Instructions to follow: The data should be written out in full, exactly as it stands, and the pictures dropped.

____

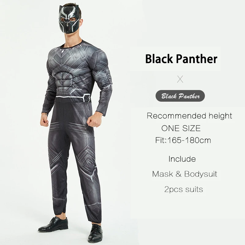 SuperHero Costume Endgame Clothes Jumpsuit Captain America/Hulk/IronMan/Thor/Black Panther Muscle C
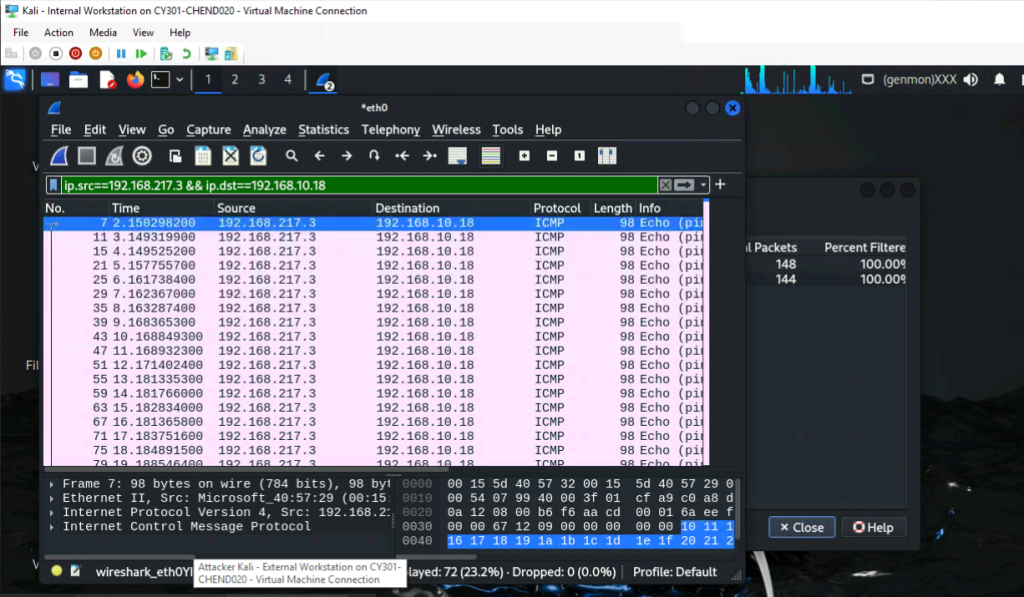 a. Apply proper display or capture filter on Internal Kali VM to show active ICMP traffic.
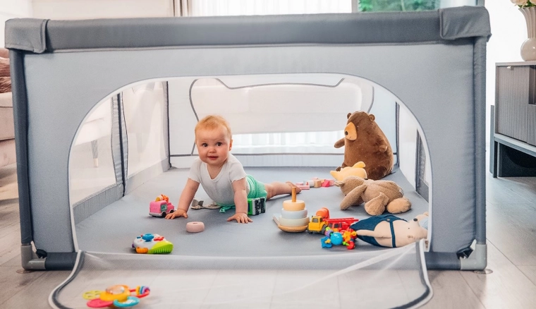 Stajica ponuja varno mesto za igro brez motečih elementov v notranjosti – vsi konstrukcijski deli so na zunanji strani. Mehke mrežaste stranice omogočajo otroku vaditi vstajanje, prve korake ali obračanje z minimalnim tveganjem, hkrati pa zagotavljajo odlično vidljivost za starše. Višje in čvrste stene preprečujejo samostojen izhod, zato ima otrok čist in zaščiten prostor za vsakodnevno zabavo.
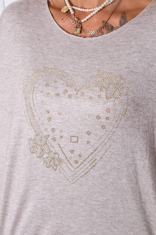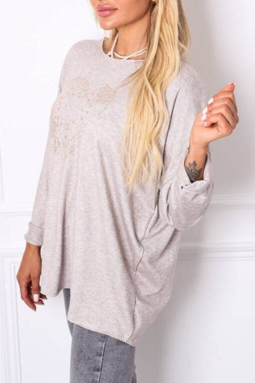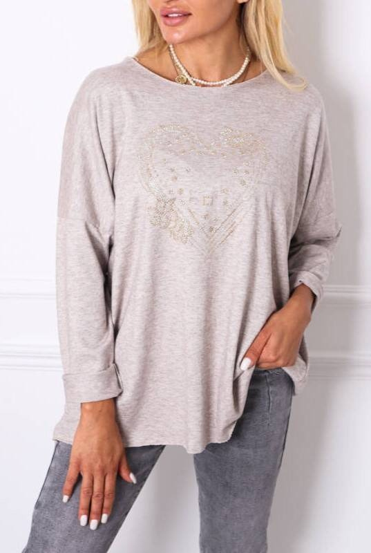 DZIANINOWA BLUZKA Z CEKINOWYM SERCEM- SZARA
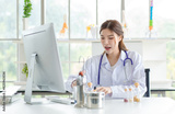 Asian woman doctor advise to use medicine in hospital examination room or clinic, treatment the disease with medicine from a specialist. Concept of medical treatment and healthcare consultation.
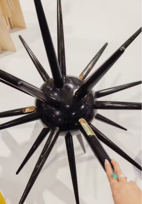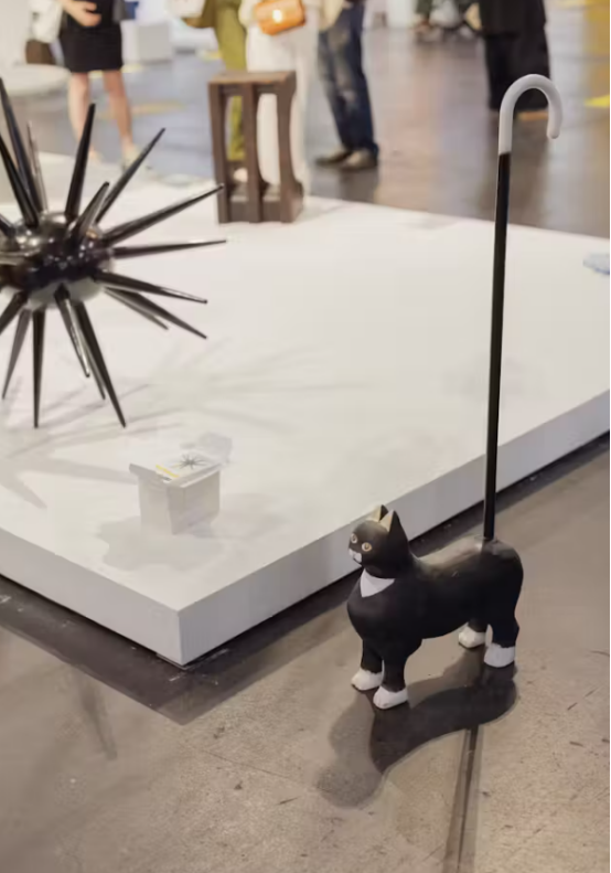 去年就備受矚目的設計師今年再出奇招:左側"海膽"珠寶盒的三根尖刺可拔出藏匿私人物品;右側楊木雕刻的貓咪擺件,竟以亞馬遜手杖為尾,重量足以防身。
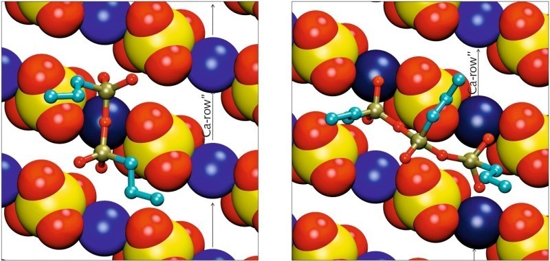 For the dimeric and trimeric form of PTES the situation is shown in Figure 8. For sterical reasons the dimer can only adsorb with two of its four terminating free oxygens. The other two free oxygens as well as the bridging oxygen between the two silicon atoms are oriented away from the surface. While the dimeric silane is aligned along the calcium channel similar to the monomeric silanes, the trimeric form coordinates calcium ions in two neighboring channels. The two terminating silicon atoms adsorb via two free oxygen atoms each, the central silicon atom together with its free oxygen is oriented away from the surface, bridging the sulfate channel between the two calcium channels.

____

Your response:
 SuperHero Costume Endgame Clothes Jumpsuit Captain America/Hulk/IronMan/Thor/Black Panther Muscle C
 a. Apply proper display or capture filter on Internal Kali VM to show active ICMP traffic.
 Stajica ponuja varno mesto za igro brez motečih elementov v notranjosti – vsi konstrukcijski deli so na zunanji strani. Mehke mrežaste stranice omogočajo otroku vaditi vstajanje, prve korake ali obračanje z minimalnim tveganjem, hkrati pa zagotavljajo odlično vidljivost za starše. Višje in čvrste stene preprečujejo samostojen izhod, zato ima otrok čist in zaščiten prostor za vsakodnevno zabavo.
 DZIANINOWA BLUZKA Z CEKINOWYM SERCEM- SZARA
 Asian woman doctor advise to use medicine in hospital examination room or clinic, treatment the disease with medicine from a specialist. Concept of medical treatment and healthcare consultation.
 去年就備受矚目的設計師今年再出奇招:左側"海膽"珠寶盒的三根尖刺可拔出藏匿私人物品;右側楊木雕刻的貓咪擺件,竟以亞馬遜手杖為尾,重量足以防身。
 For the dimeric and trimeric form of PTES the situation is shown in Figure 8. For sterical reasons the dimer can only adsorb with two of its four terminating free oxygens. The other two free oxygens as well as the bridging oxygen between the two silicon atoms are oriented away from the surface. While the dimeric silane is aligned along the calcium channel similar to the monomeric silanes, the trimeric form coordinates calcium ions in two neighboring channels. The two terminating silicon atoms adsorb via two free oxygen atoms each, the central silicon atom together with its free oxygen is oriented away from the surface, bridging the sulfate channel between the two calcium channels.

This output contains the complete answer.